[Dataset entries]
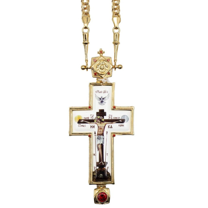 Prsní kříž pro kněze mosazný zlacený s řetízkem - vyrobeno společností Agat Jewellery v souladu se všemi kánony pravoslavné církve.
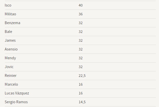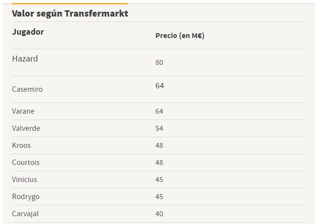 Më poshtë keni vlerën e futbollistëve të Realit.
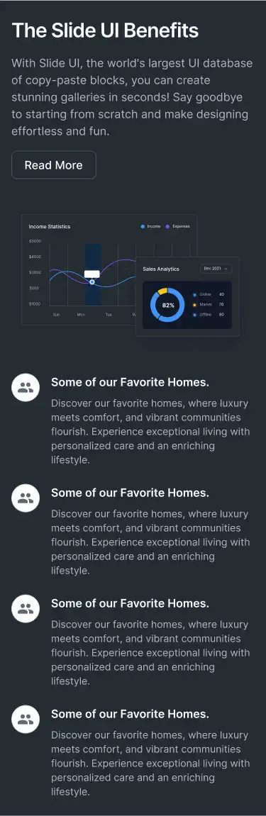 View Benefit / Statistic blocksPerfect for agencies, consultants, and SaaS tools to clearly explain services offered, with icon, card, or list formats.
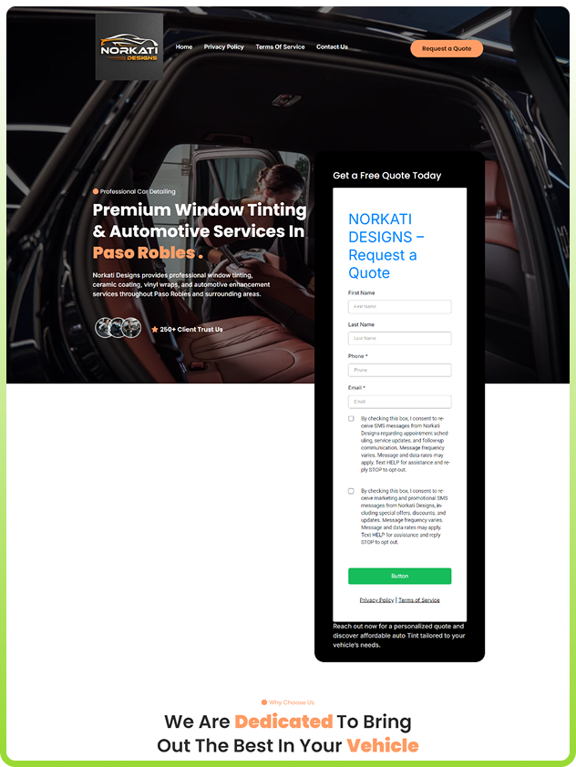 The goal of this project was to create a modern, user-friendly website that reflects the brand’s premium positioning while making it easier for potential customers to explore services and request a quote. As part of our automotive web design, we focused on improving usability, visual presentation, and overall user experience.
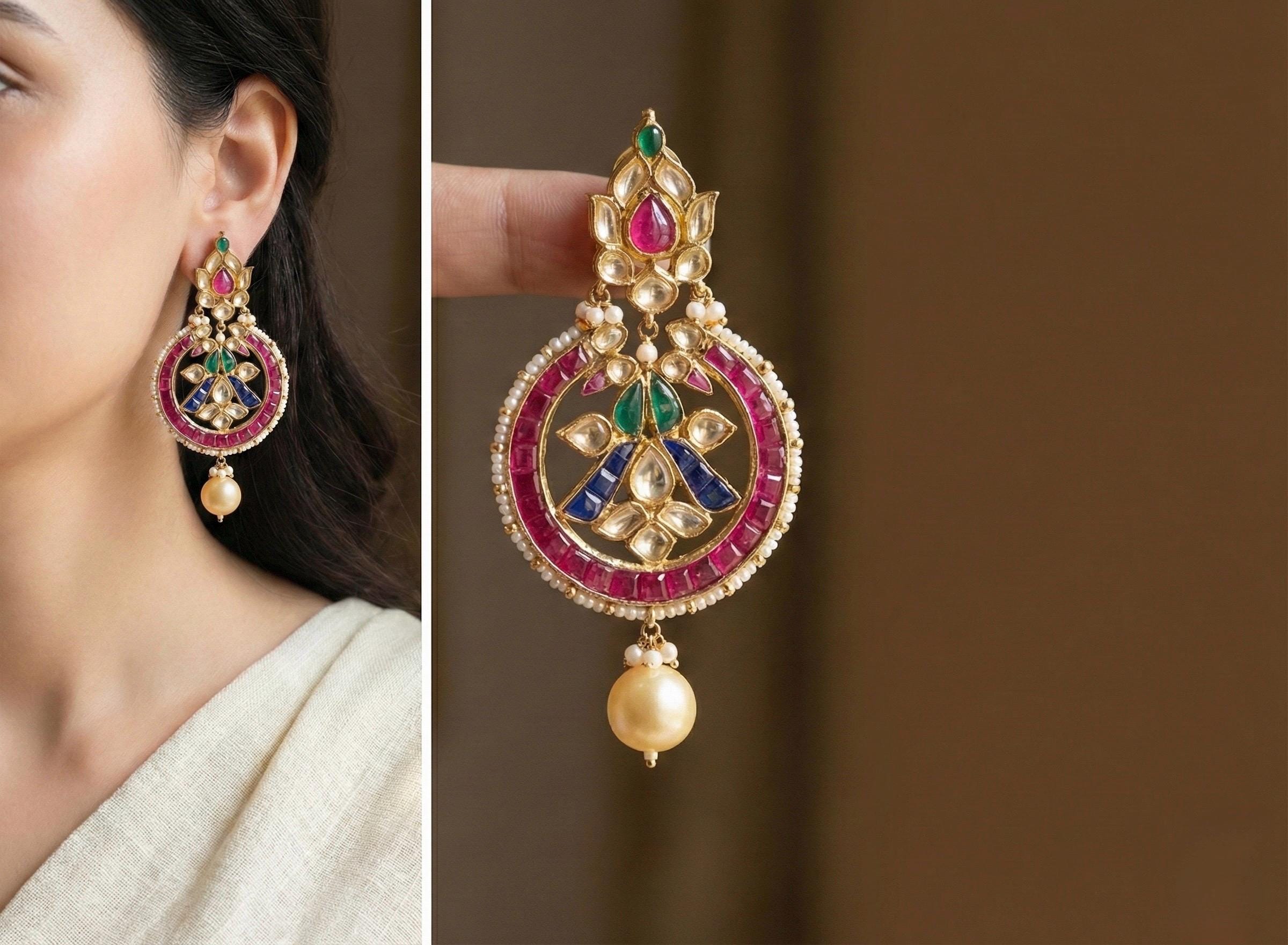• It is Real Kundan Design with Antique Peacock Kundan Setted and 3 inch long with Pearls.
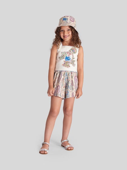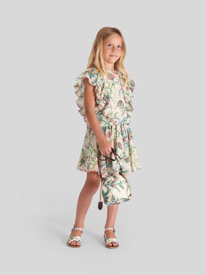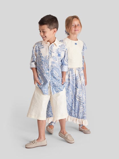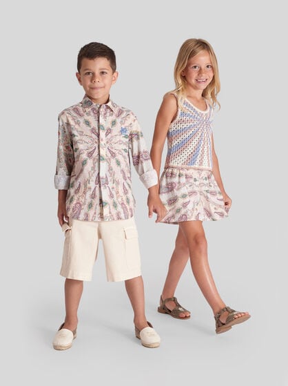 Discover the Girls collection, where elegance and charm meet. Our refined selection of clothing for girls from 4 to 10 years old is designed to make the little ones shine on every occasion. Explore our selection of clothing for girls, perfect for special occasions. From floral dresses that emanate joy to party dresses that make you dream. Precious fabrics such as silk and cotton blend with eye-catching designs. T-shirts printed with floral Paisley designs, skirts, Bermuda shorts and refined knitwear, our collection is designed for girls who want to express their personality through clothing. Choose from playful prints and vibrant colours for truly natural and trendy styles. Complete your little girl's look with our adorable accessories.
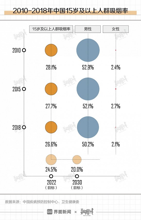 根据中国疾病预防控制中心发布的中国成人烟草调查结果,中国15岁及以上人群吸烟率逐年降低,2018年吸烟率为26.6%。《健康中国行动(2019-2030年)》中的控烟目标显示,到2022年和2030年, 15岁以上人群吸烟率分别低于24.5%和20%。
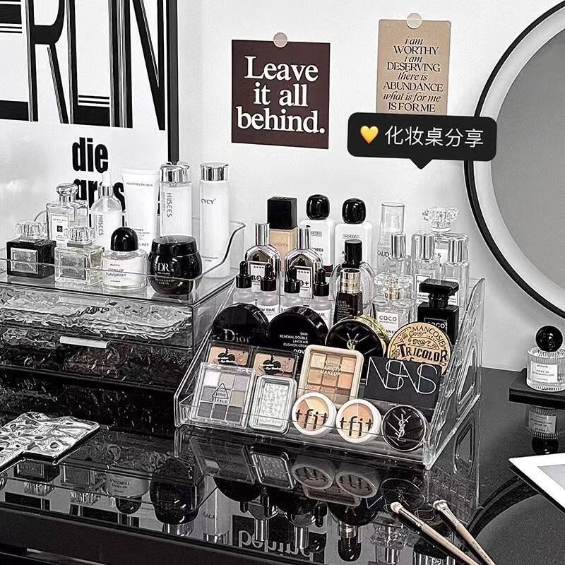 面膜收纳盒亚克力化妆品分格盒透明桌面大容量梳妆台护肤品置物架
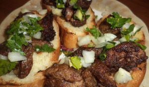 - Metti il fegato fritto con cipolle ed erbe sopra i toast.
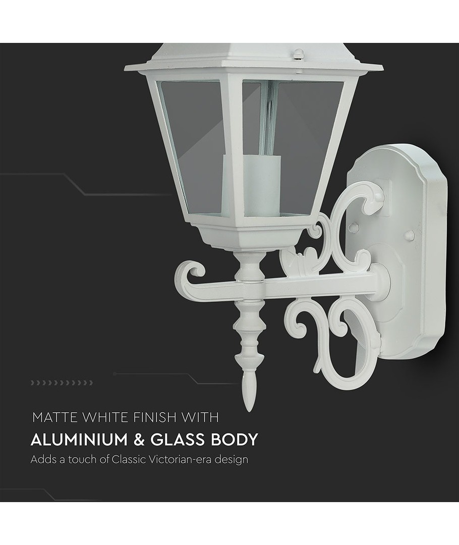 Vt-760 vegglampe E27 - liten, matt hvit (oppad) er den ideelle løsningen for stilfull og funksjonell utendørsbelysning.
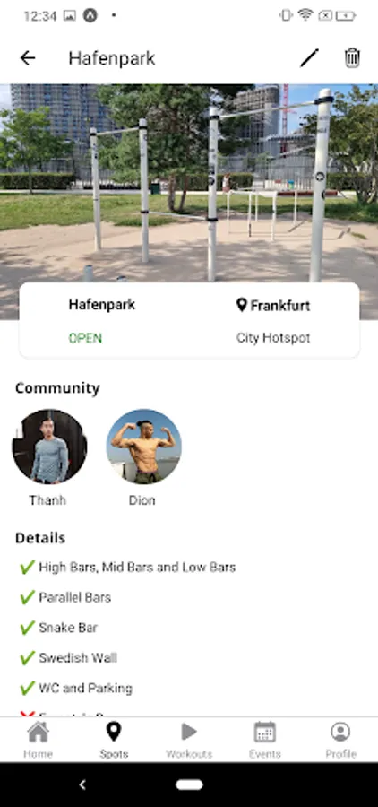 Join communities of people frequently working out at a specific park and connect with them via instagram.
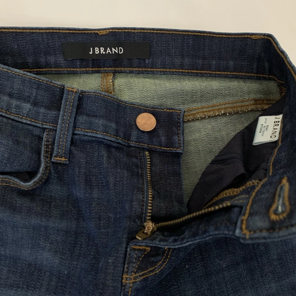 - J Brand Remy Jeans Women 24 Storm Dark Wash Indigo Blue Cotton Stretch Flat Lay mesurements approx: Waist: 12" Rise 9" Inseam: 33.75" - great for tall sizes Excellent preowned condition. No holes or stains. FAST Shipping! 1-3 business days. Offers welcome! Tags: everyday fashion stylish trendy classic spring summer fall winter seasons apparel comfy comfortable easy to wear classy casual favorite y2k 1893 80s 90s versatile essential timeless sophisticated high quality normcore basic loose comfortable light neutral informal mature self-confident Midwest plain relax simple
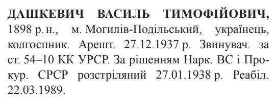 Василь Дашкевич розстріляний 27.01.1938
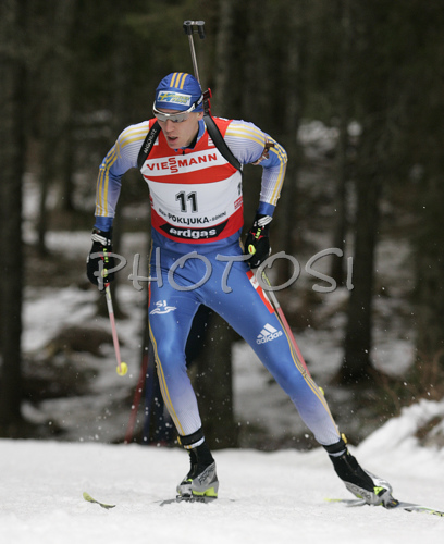 : Second placed Björn Ferry of Sweden skiing in men sprint race on Pokljuka, Slovenia. IBU Biathlon World Cup sprint race was held on Pokljuka, Slovenia on 18th of January 2007.
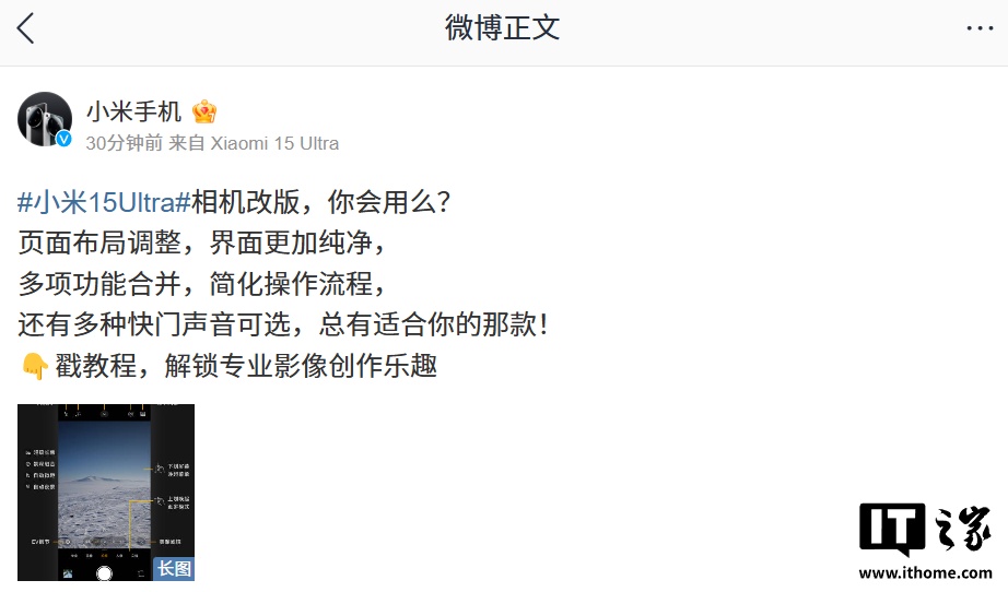 文章来源于互联网:IT之家-小米 15 Ultra 手机焕新极简相机亮点公布:页面布局调整、部分功能合并
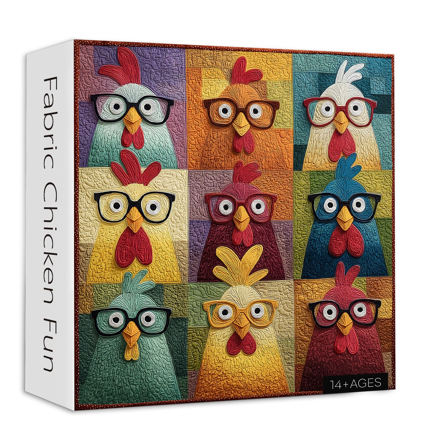 🐔👓🧵 A 3x3 grid of colorful, whimsical chicken faces, all wearing glasses, set against textured patchwork squares in this charming quilt-style artwork.
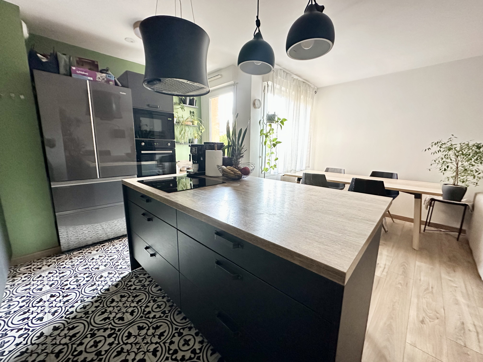 D’une surface d’environ 65 m², ce bien en parfait état offre un cadre de vie confortable et fonctionnel. Il se compose d’une cuisine entièrement équipée ouverte sur un large séjour lumineux, bénéficiant d’une belle exposition sud-est, idéale pour profiter d’une luminosité naturelle tout au long de la journée.
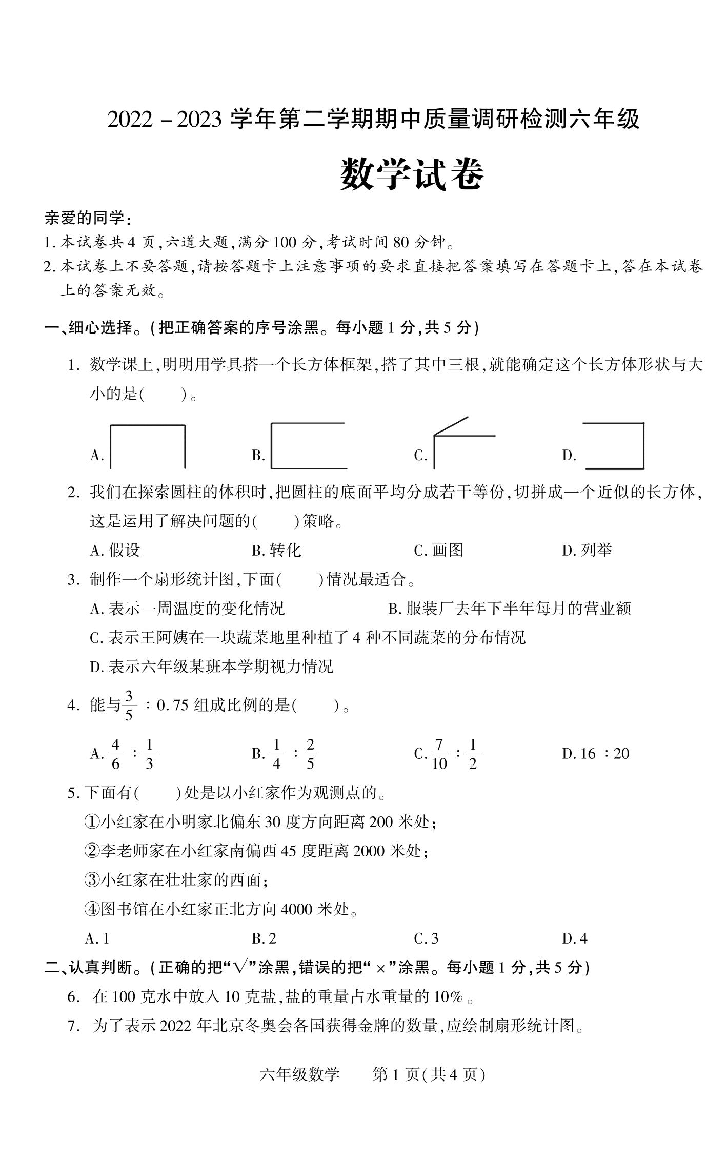 河南省洛阳市伊川县2022-2023学年第二学期期中质量调研检测六年级数学试卷(苏教版)
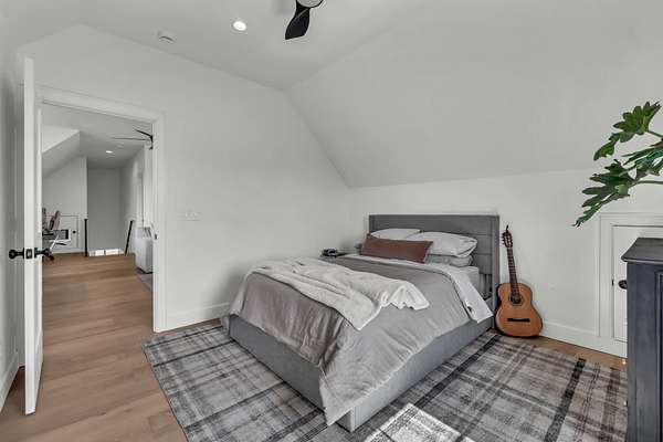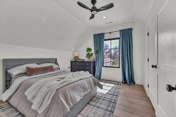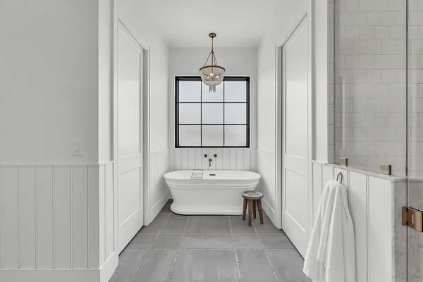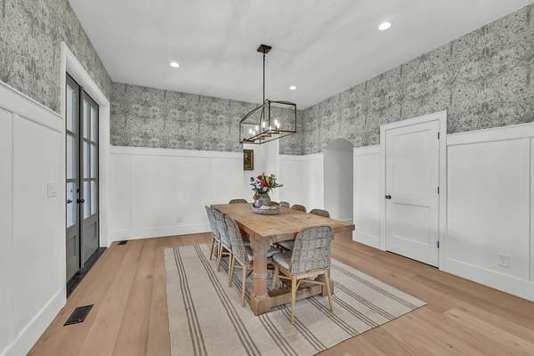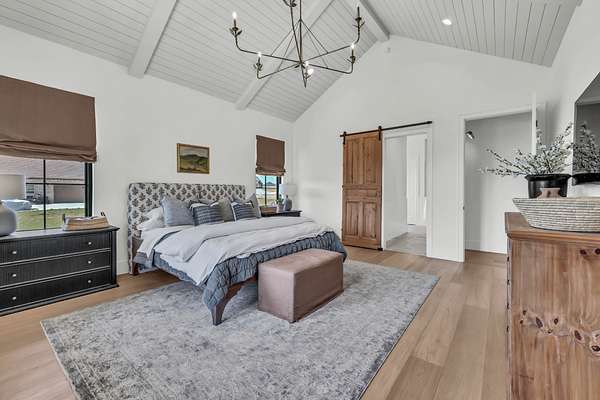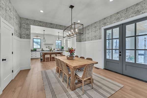 Entertain effortlessly in the formal dining room highlighted by French doors that open to a covered porch, blending indoor and outdoor living. The main-level primary suite is a private retreat with its own French doors to the porch, vaulted ceilings, dual oversized walk-in closets, and a spa-like en suite bath featuring a soaking tub, tile shower, and double vanities.
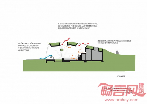 山顶表现成景观的一部分,而非建筑本身。建筑和绿化相得益彰,建筑成为公园的地形基础。
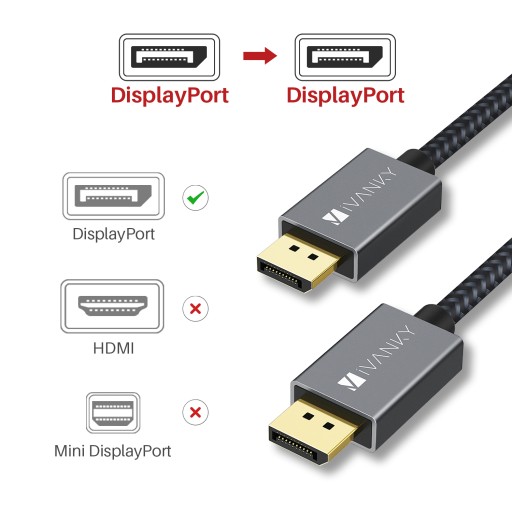 Wysokiej jakości kabel DisplayPort - DisplayPort innowacyjnej firmy iVANKY do Twojego sprzętu Audio/Video o długości 2 metrów.

# EXERCISE
In the answer, the lines from the one containing "山顶表现成景观的一部分,而非" to the end of the records above must be written out exactly, both ends included; the pictures must not appear.

# OUTPUT BELOW
 山顶表现成景观的一部分,而非建筑本身。建筑和绿化相得益彰,建筑成为公园的地形基础。
 Wysokiej jakości kabel DisplayPort - DisplayPort innowacyjnej firmy iVANKY do Twojego sprzętu Audio/Video o długości 2 metrów.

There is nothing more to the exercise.